The blue-ribbon Commission on Social Determinants of Health (CSDH), convened in 2005 by the World Health Organization (WHO) maintains that longevity and susceptibility to disease often have less to do with infections and genetics than with the social determinants of health - factors such as income, education, occupation, access to services such as sanitation, good medical treatment, and decent housing. In South Asia, we have yet to come to terms with the interlocking relationships between economic achievements, social investments, and health outcomes. Not only does a country’s state of health boost economic output, economics can and should promote better health as well.

The urban and elitist biases inherent in health facilities in most South Asian countries, and the neglect of primary and tertiary healthcare, mean that such facilities over-care for the rich and neglect the poor. With the exception of Sri Lanka, these countries’ health sectors have tended to evolve in line with the broader dynamics of ‘free’ market forces, the inherent class contradictions of which have led to the development of a largely curative-care model.
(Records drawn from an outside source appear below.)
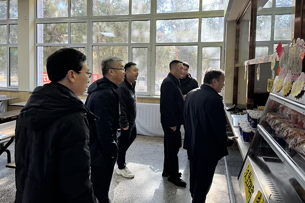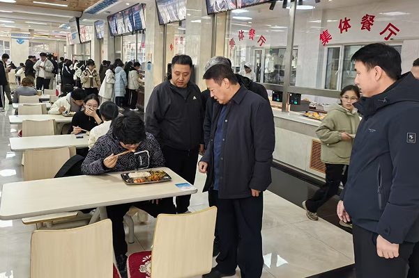 调研中,裴校长先后深入霍林河校区桃李园餐厅、西拉木伦校区学子园餐厅、滨河园区丁香园餐厅,重点对就餐用具洗涤消杀、整体环境卫生安全、从业人员健康管理、进货查验、食品留样、食材及餐具用具自行检测等工作进行调研指导,听取了后勤处相关工作人员对食堂日常安全管理工作开展情况的汇报。餐厅内,裴校长与就餐学生亲切交谈,仔细询问学生在用餐环境、餐饮价格、菜品种类等方面的感受,听取学生们对学校食堂的建议需求。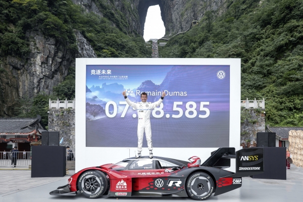 A „Tianmen Shan Big Gate Road” út a Tianmen hegységben egy igazi próbatétel. Romain Dumas bátran, de a feladatot tisztelve vágott neki a 10.906 kilométer hosszú „Kínai Kihívásnak” a „Mennyek Kapuja” – egy 131,5 méteres természetes boltív - felé. 99 hajtűkanyar, némelyik csupán hat méter sugarú, majd azt követően rövid egyenesek és akár 230 km/órás sebességet is lehetővé tévő, gyors kanyarokkal tarkított útszakaszok és kemény fékezésekkel bevehető extrém keskeny alagutak. Dumas tökéletesen teljesítette ezeket a komoly kihívásokat és egy új hivatalos rekordot is felállított mindeközben. Az ID.R hajtásáról két elektromos motor gondoskodik, ahol a rendszer összteljesítménye 500 kW (680 LE), az erőátvitelnél pedig az egyedi készítésű Bridgestone Potenza abroncsok voltak segítségére. A rajt illetve a célvonal kijelölése - kifejezetten az ID.R rekordkísérlete miatt - közjegyzői hitelesítéssel történt.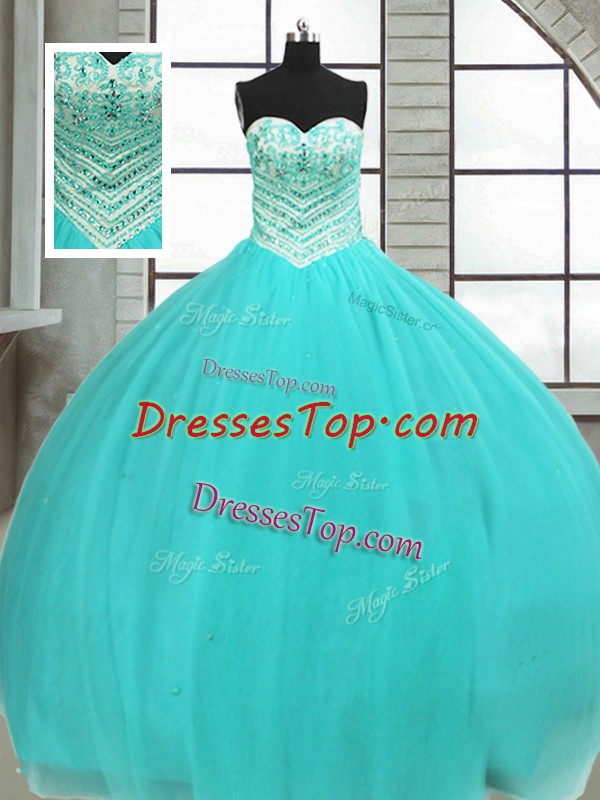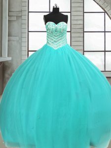 Floor Length Ball Gowns Sleeveless Turquoise Sweet 16 Dresses Lace Up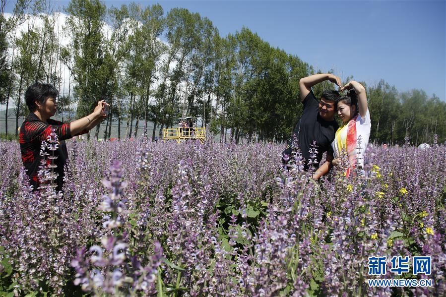 8月1日,来自新疆霍尔果斯的游客在新疆昭苏县一处香紫苏花海景区拍照留影。新华社记者黄臻摄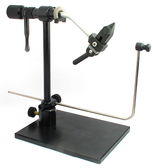 Из недорогих тисков это, пожалуй, самая удобная модель. Крючок в ней зажимается за счет упругости изогнутых навстречу друг другу губок. Длинный рычаг поворачивающий клинышек позволяет в одно движение вынуть или перевернуть крючок, за него же удобно поворачивать губки относительно их оси. Так же меняется наклон губок и в некоторых пределах высота ножки тисков.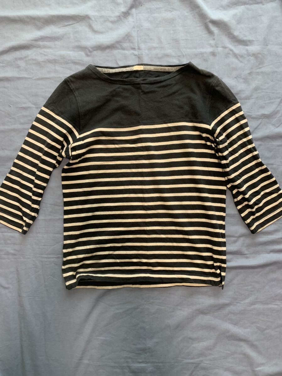古着 GU ジーユー ボーダー柄 七分袖Tシャツ Sサイズ ネイビー × ホワイト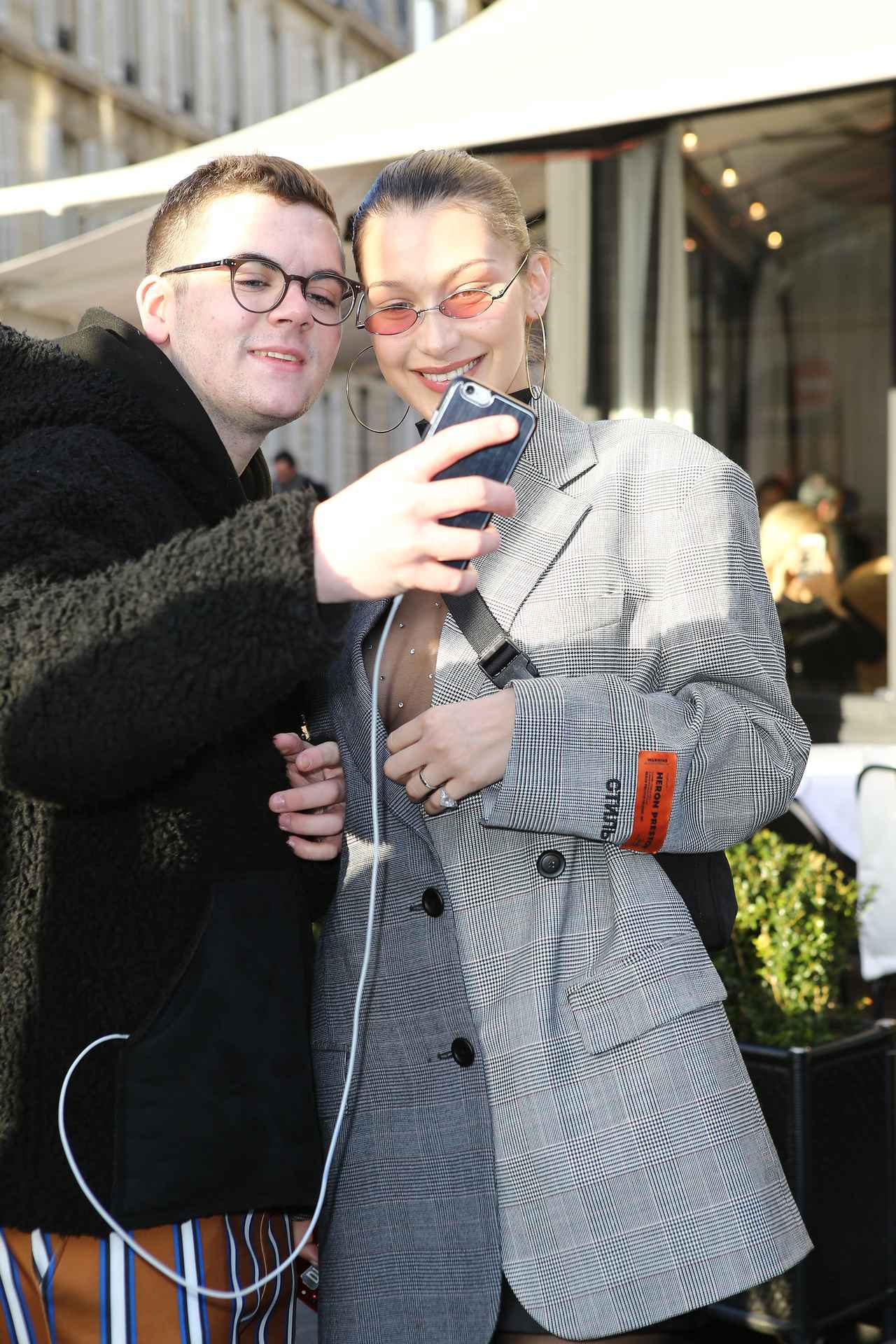 ベラがこの日選んだジャケットは、ALL-WHITEやYeezyなど人気ブランドとも仕事をしてきたデザイナー、ヘロン・プレストンのブランドHERON PRESTONのもの。グレンチェックのジャケットをウエストポーチでしっかりとウエストマークし、インナーには、ビジューが装飾されたシースルートップスでセンシュアルに。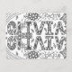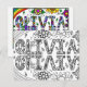 Carte de coloriage en noir et blanc avec un échantillon d'image sur le dos. Le nom de la fille Olivia, dessin noir et blanc de fleurs blanches et un arc-en-ciel pour vous de couleur. Elles sont mignonnes à coller dans les cartes d'anniversaire des enfants. Surprenez-les avec une page de couleur dans leur carte d'anniversaire !

Medical education at local institutions in the region often replicates what is found in developed countries, resulting in a demand for the ‘latest’ (which does not necessarily mean the most appropriate) medical care.

This bleak picture aside, there are nonetheless instances that show that it is possible to challenge the hegemony of laissez-faire economics under which health, and indeed other social services, become profiteering ventures. Sri Lanka’s success in developing a highly dispersed rural health infrastructure and policies rooted in preventative healthcare; and the success of Pakistan’s community-embedded Lady Health Workers Programme, show that health outcomes need be achieved even at the cost of economic gains. As Nobel laureate Amartya Sen has often candidly pointed out, people can hardly be expected to generate income when they are not healthy enough to hold a job.

Improving the state of health in the region requires a creative and more far-reaching approach to how the health and well-being of the region’s people can be improved. Sri Lanka, for instance, has been able to use efficiency gains to keep government health spending limited to less than two percent of its GDP. By giving curative and preventative healthcare priority in public health budgets, and allowing access to precede quality, the country’s public healthcare providers have not allowed themselves to be dislodged by the private sector.